▶ WORK TO COMPLETE
Take the data below and copy exactly the lines starting at the one with "Indulge in the" and finishing at the one with "ประกาศ เรื่องนัดประชุมสภาองค์การบริหารส่วนตำบลลุมปุ๊ก สมัยสามัญ", both included.

▶ GIVEN RECORDS
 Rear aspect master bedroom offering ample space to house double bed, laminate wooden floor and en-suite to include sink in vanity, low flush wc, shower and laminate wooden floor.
* * *
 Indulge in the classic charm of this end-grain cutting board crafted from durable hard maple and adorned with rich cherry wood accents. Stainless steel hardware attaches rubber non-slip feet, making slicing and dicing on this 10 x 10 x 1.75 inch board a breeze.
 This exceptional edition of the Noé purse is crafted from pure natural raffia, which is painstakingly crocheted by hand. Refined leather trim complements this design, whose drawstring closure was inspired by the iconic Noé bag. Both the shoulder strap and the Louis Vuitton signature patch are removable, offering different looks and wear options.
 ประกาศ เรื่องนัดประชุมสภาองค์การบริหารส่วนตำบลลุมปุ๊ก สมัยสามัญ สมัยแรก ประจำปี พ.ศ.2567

▶ RESPONSE FOR THIS EXERCISE
 Indulge in the classic charm of this end-grain cutting board crafted from durable hard maple and adorned with rich cherry wood accents. Stainless steel hardware attaches rubber non-slip feet, making slicing and dicing on this 10 x 10 x 1.75 inch board a breeze.
 This exceptional edition of the Noé purse is crafted from pure natural raffia, which is painstakingly crocheted by hand. Refined leather trim complements this design, whose drawstring closure was inspired by the iconic Noé bag. Both the shoulder strap and the Louis Vuitton signature patch are removable, offering different looks and wear options.
 ประกาศ เรื่องนัดประชุมสภาองค์การบริหารส่วนตำบลลุมปุ๊ก สมัยสามัญ สมัยแรก ประจำปี พ.ศ.2567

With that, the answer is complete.